Title: A Case of Indian Marvels - Dazzling Stories From the Country’s Finest New Writers

Editor: David Davidar

Publisher: Aleph

First Published: 2022

ISBN: 978-93-91047-64-1

Pages: 390

Price: 999/-

Thanks are due to Aleph and Purple Pencil Project. 

The editor was “surprised by the lack of anthologies that focused exclusively on the work of writers belonging to the millennial generation” and we are glad that he felt this way. We have these forty stories put together. The authors have been described as India’s “finest” and “most exciting” new writers. The list also includes well known names like Meena Kandasamy and Prayaag Akbar. The editor is “frustrated by lack of quality translations’”. However, he has managed to include five of them - A J Thomas and Rita Kothari are amongst the translators.

These stories present voices of today’s India – perspectives of the youth. An India that is unjust but at the same time “will not dance” to someone else’s tunes. A generation that inhabits a world which is way different from the world its elders lived in and a world it was told and taught about. A generation that questions more but at the same time is also more accepting of the realities around it. To quote the editor, “The stories tell you how perhaps India too has changed”.

The characters in these stories are more about urban than rural, more about the young than the old, more about the material than the spiritual, and concerned more about the immediate than future. Issues they grapple with include polluted air, night shifts, dumping trash, empty lives, immoral media, love bites, lesbian love, quitting jobs, oxygen shortages, mining mafia, murders, fettish for statues and the Swachchh Bharat Abhiyaan. They are based in an India that is increasingly getting more unequal on the economic front and less open and accepting on the religious front.

Many of these stories carry a generous dose of that element which takes a short story to the next level - surprise. Few also possess the ability to shock the reader. A M Gautam in his story describes a friendship between a man and an alligator in a north Indian town.
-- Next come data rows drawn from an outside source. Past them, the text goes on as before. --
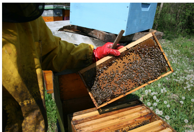
Slika 16 : Pojačavanje leglom

Pojačavanje pčelinjih zajednica pred glavnu pašu provodi se s ciljem maksimalnog iskorištavanja nadolazeće paše, tj. postizanja što većeg prinosa meda po košnici, a što postižemo povećanjem broja pčela u zajednici. Samo pojačavanje radimo dodavanjem okvira s poklopljenim leglom, prema vlastitoj procjeni (Slika 16). Okvire s leglom dodajemo najmanje petnaest dana prije početka glavne paše iz razloga da se dodano leglo izlegne i oslobodi prostor za smještaj nektara. Kod AŽ košnica pojačavanje vršimo leglom iz pomoćnih zajednica (Slika 17), dok kod LR košnica pojačavanje vršimo spajanjem nedovoljno jakih zajednica koje nisu u stanju donijeti značajne količine meda.
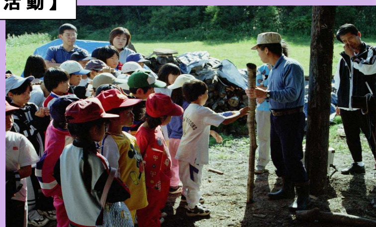
【炭焼き教室: 地元小学生】
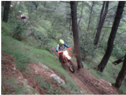
2 - Atene - Atene - 140
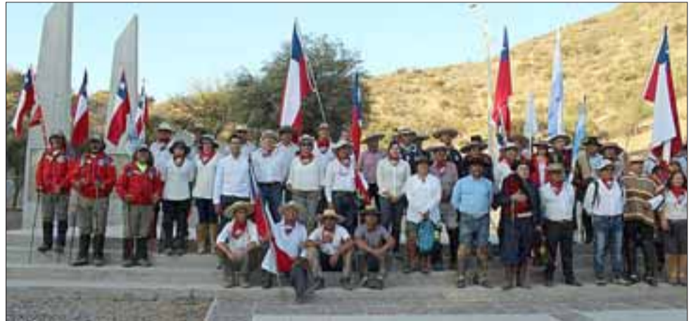
Las banderas chilena y argentina flameaban juntas y los himnos de ambas naciones se entonaron con fuerza y orgullo por parte de las cientos de personas que llegaron a presenciar la culminación de las actividades de Bicentenario.

Las actividades de conmemoración del Bicentenario del Cruce del Ejército Libertador continuarán en la comuna de San Felipe, específicamente en Curimón, y luego en el Monumento a la Batalla de Chacabuco en la Región Metropolitana.
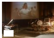
Morto Vangelis, sue le colonne sonore di "Blade Runner" e "Momenti di gloria"
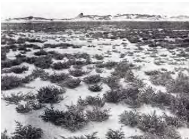
Figuur 5. Het Groene Strand met Schorrenkruid en op de achtergrond de verbrokkelde duinen, 1930.

zee waar nooit jutters kwamen. De fotografen vonden hier materiaal voor hun schuilhutten. De naam Bakengat is te vergelijken met het Sparregat in Meijendel: een paal in een duinopening. Op de topografische kaart uit 1938 staan aan de noordkant van De
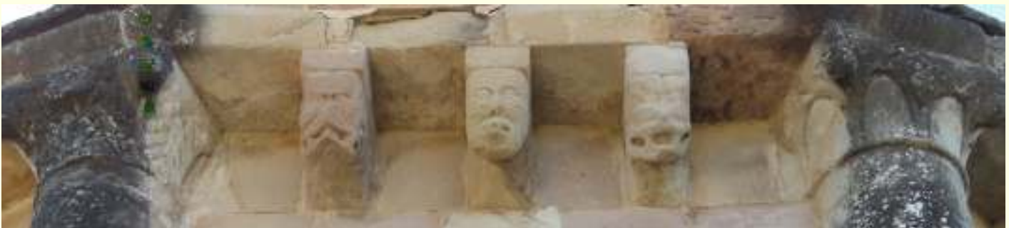
❶ Detalle de los canecillos de la cornisa, en el ábside de Santa María.

Parroquia de un despoblado, hospital de peregrinos, cementerio o lucernario, son las características que también se le atribuyen. En su pórtico con las tradicionales conchas indican que cumplió la función de iglesia cementerial.
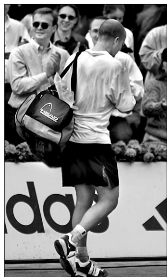
Вчера. Париж. Стоило экс-президенту США Биллу КЛИНТОНУ появиться на трибуне, удача от Андре АГАССИ отворачивалась...
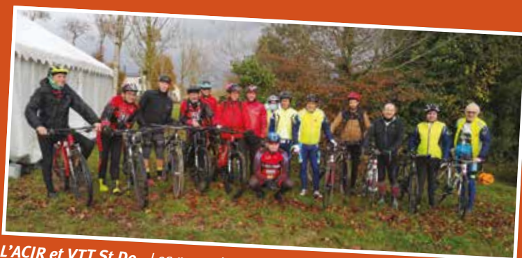
L'ACIR et VTT St Do - Les roues tournent sur des kilomètres, la recherche médicale avance.
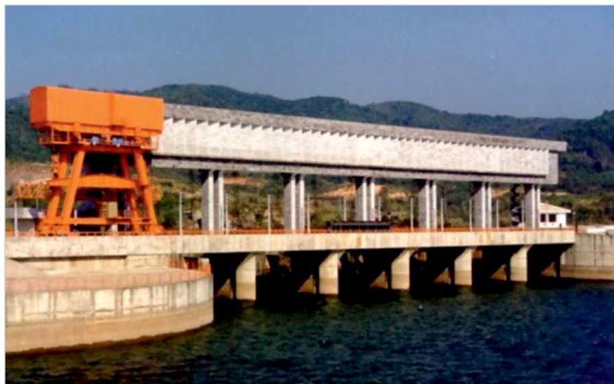
ГЭС Яли, Вьетнам

Ташлыкская ГАЭС вместе с Южно-Украинской АЭС мощностью 3 млн. кВт образует Южно-Украинский энергокомплекс, единственный в

While Tushar Jain’s story, no less in its ability to shock, ends with apt words, “Isn’t life bizarre?

Some of these stories also convey what the newspapers and news channels do not. Majority of the stories, however, are gloomy. Vineetha Mokkil’s story for example talks of a family with members in civil and armed services (read elite) and open enough to drink together go to extremes when the daughter (also the narrator) falls in love with a person from another religion! As one reads the grim tale one’s heart goes out to her. Vrinda Baliga in her story brings out the horrors of illegal migration where people end up losing money, family, identity and a lot else including hope. This one is gloomy from the word go. None of the characters have names - “names have long ceased to matter - they are use and throw articles, of no value, easily discarded”.

One wonders if sadness is pervasive to this extent amidst the youth today or the book has fallen in the trap of looking at the past as perfect, present as imperfect and future as tense. Or it is the reflection of the editor’s bias. A bias he does not exactly hide when he states, “India in the 21st Century can hardly be characterised as sunny and hopeful”. Having grown up on a healthy dose of short stories, primarily western classics, I missed sparks of humour amidst the gloom.
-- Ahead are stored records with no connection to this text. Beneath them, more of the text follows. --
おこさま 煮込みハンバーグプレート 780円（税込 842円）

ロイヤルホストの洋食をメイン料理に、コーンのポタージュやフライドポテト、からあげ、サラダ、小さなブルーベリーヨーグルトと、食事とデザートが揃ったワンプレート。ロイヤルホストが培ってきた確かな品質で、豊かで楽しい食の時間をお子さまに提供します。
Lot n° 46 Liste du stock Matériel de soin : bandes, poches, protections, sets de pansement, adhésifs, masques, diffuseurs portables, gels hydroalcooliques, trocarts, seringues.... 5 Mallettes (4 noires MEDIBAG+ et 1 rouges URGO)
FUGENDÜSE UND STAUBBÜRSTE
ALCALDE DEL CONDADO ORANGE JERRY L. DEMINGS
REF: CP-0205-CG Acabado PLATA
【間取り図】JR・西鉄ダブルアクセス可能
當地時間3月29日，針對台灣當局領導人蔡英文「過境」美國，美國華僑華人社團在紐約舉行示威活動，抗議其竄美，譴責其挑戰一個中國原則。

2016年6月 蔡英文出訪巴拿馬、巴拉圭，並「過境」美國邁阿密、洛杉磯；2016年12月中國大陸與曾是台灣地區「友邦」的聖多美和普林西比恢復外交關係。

Some books leave you with lines that stay with you long after the book is up on the shelf. This compilation has its share of these. Sample a few, “Stories are living things, they breathe, they absorb little things from around them” and “. . if you are a good story-teller, then stories talk to you” by Bhavani or “Humans always lose more history than they ever possess” and “the ethnographers, after all, are modern enough to know that nothing can be totally genuine” by Kanishk Tharoor.
The piece by the editor in the beginning too consists of lines that one reads and re reads - including this quote by Anton Chekhov : “Remember that writers whom we call great or just good, and who make us drunk, have one very important feature: they are going somewhere and calling you with them . . " Majority of the stories in the book possess this quality. Written with a high degree of skill, these “Marvels” reassure us that for some time to come Indian short stories will be in good hands.

This is a book that will get me back to short stories.